The aim of the present study was to investigate the clinical usefulness of the 2016 classification with that of the 2003 classification by evaluating the achievement of complete remission (CR) and renal function decline in adult patients with first-onset class III/IV LN based on the Nagoya Kidney Disease Registry (N-KDR).

Results

Study participants

We screened 233 consecutive patients with LN in our real biopsy registry between January 2004 and December 2014. We enrolled patients who underwent the first renal biopsy, were ≥ 16 years of age, who met ≥ 4 American College of Rheumatology (ACR) criteria26 of SLE, and were classified to have class III or IV LN. We excluded patients with missing medical or pathological records (n = 9), a history of renal function deterioration (n = 4), conservative treatment without immunosuppressive therapy (n = 1), immunosuppression before induction therapy for LN (n = 49), observational period less than a month (n = 1), and evaluable glomeruli less than six (n = 1). Finally, 91 patients were enrolled in this study. We assessed their pathological findings and renal function decline during the observational duration (Analysis 1). Of these, six patients were excluded because of missing adequate follow-up data, and 85 were assessed for CR (Analysis 2). The detailed flowchart is shown in Fig. 1.

Figure 1
figure 1

Flow chart of patient selection. Ninety-one patients with first-onset lupus nephritis were enrolled in this study and assessed for pathological findings and renal function decline during the observational duration (Analysis 1). After excluding 6 patients with missing follow-up data, achievement of complete remission was evaluated for 85 patients (Analysis 2). LN lupus nephritis; ACR American College of Rheumatology.

Baseline characteristics

Baseline characteristics are summarized according to the eGFR27 levels at baseline as lower eGFR group (eGFR < 60 ml/min/1.73 m2, n = 42 [46%]) and higher eGFR group (eGFR ≥ 60 ml/min/1.73 m2, n = 49 [54%]) (Table 1). Patients in the lower eGFR group were older, had heavier proteinuria, more severe haematuria and higher proportion of nephrotic syndrome than those in the higher eGFR group. Anti-dsDNA, serum C3 levels, and SLE disease activity index (SLEDAI)28 scores were not significantly different between the groups.

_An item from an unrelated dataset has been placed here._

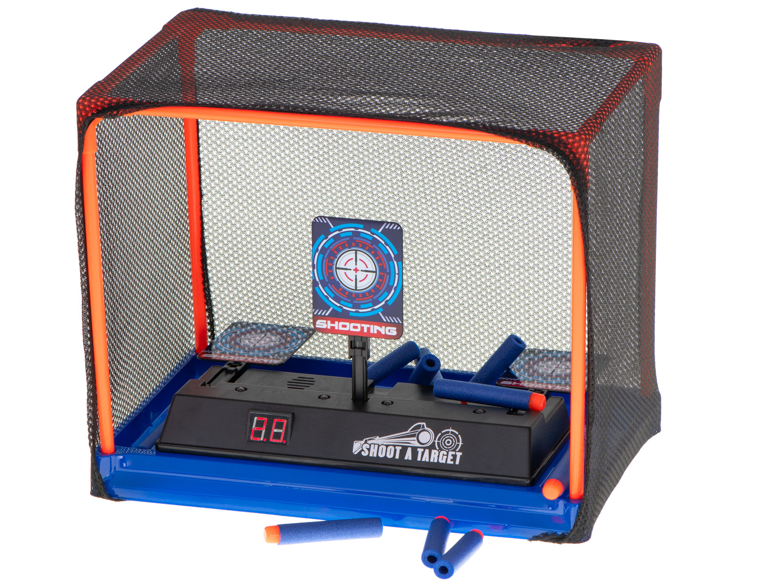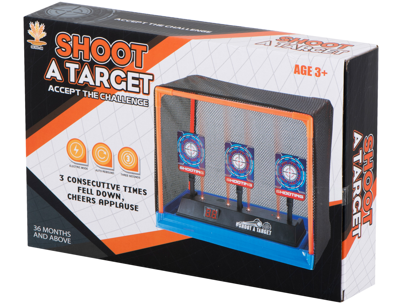 Elektronický střelecký terč s počítadlem bodů. Ideální pro malé nadšence do střelby. Učí přesnosti a soustředění. Součástí dodávky je štít, samomontážní síť. Napájení: 3 baterie 1.5V AA (dodává se). Rozměry. ciferník: 31x20x26cm.Celý popis

Table 1 Baseline characteristics (N = 91).

Pathological findings according to the 2003/2016 classification

The proportion of the patients with class IV LN was higher in the lower eGFR group than that in the higher eGFR group (71% [30/42] and 33% [16/49], respectively) (Fig. 2a), while there was no difference in the A and A/C subclasses (Fig. 2b). Both AI and CI were higher in the lower eGFR group (Fig. 2c,d) than those in the higher eGFR group. In the pathological components of AI (Fig. 2e–j), patients in the lower eGFR group had higher scores of cellular/fibrocellular crescents (Fig. 2i) and interstitial inflammation (Fig. 2j) than those in the higher eGFR group. In the pathological components of CI (Fig. 2k–n), patients in the lower eGFR group had higher scores of IF (Fig. 2m) and TA (Fig. 2n) than those in the higher eGFR group. Of all the pathological components, fibrinoid necrosis of 4 or 6 points and global/segmental sclerosis and fibrous crescents with 3 points was not observed in any of the patients (Fig. 2g,k,l). We analysed the relationship between AI/CI and class III/IV LN. The median AI in class IV was higher than that in class III (9 [interquartile range, IQR: 7–13] vs. 4 [IQR: 3–6], respectively). All patients with ≥ 11 points in AI had pathological class IV (n = 19) (Fig. 2o). The median CI in both class III and IV was 2 points, and there was no statistically significant difference between the classes (Fig. 2p).

Figure 2
figure 2

Pathological findings according to the 2003/2016 classification. Baseline pathological findings are described according to the baseline eGFR levels (eGFR < 60 ml/min/1.73 m2, n = 42 and eGFR ≥ 60 ml/min/1.73 m2, n = 49). (a,b) are based on the 2003 classification: class III or IV (a) and subclass of A, C, and A/C (b). (c,d) are based on the 2016 classification: activity index (c) and chronicity index (d). (ej) represent the following pathological components of activity index in the 2016 classification: endocapillary hypercellularity (e), neutrophils/karyorrhexis (f), fibrinoid necrosis (g), hyaline deposits (h), cellular/fibrocellular crescents (i), and interstitial inflammation (j). (kn) represent chronicity index in the 2016 classification: global/segmental sclerosis (k), fibrous crescents (l), interstitial fibrosis (m), and tubular atrophy (n). (o,p) are distributions of activity index (o) and chronicity index (p) in patients with class III and IV LN, respectively. N number, eGFR estimated glomerular filtration rate, LN lupus nephritis. *p < 0.01. **p < 0.001.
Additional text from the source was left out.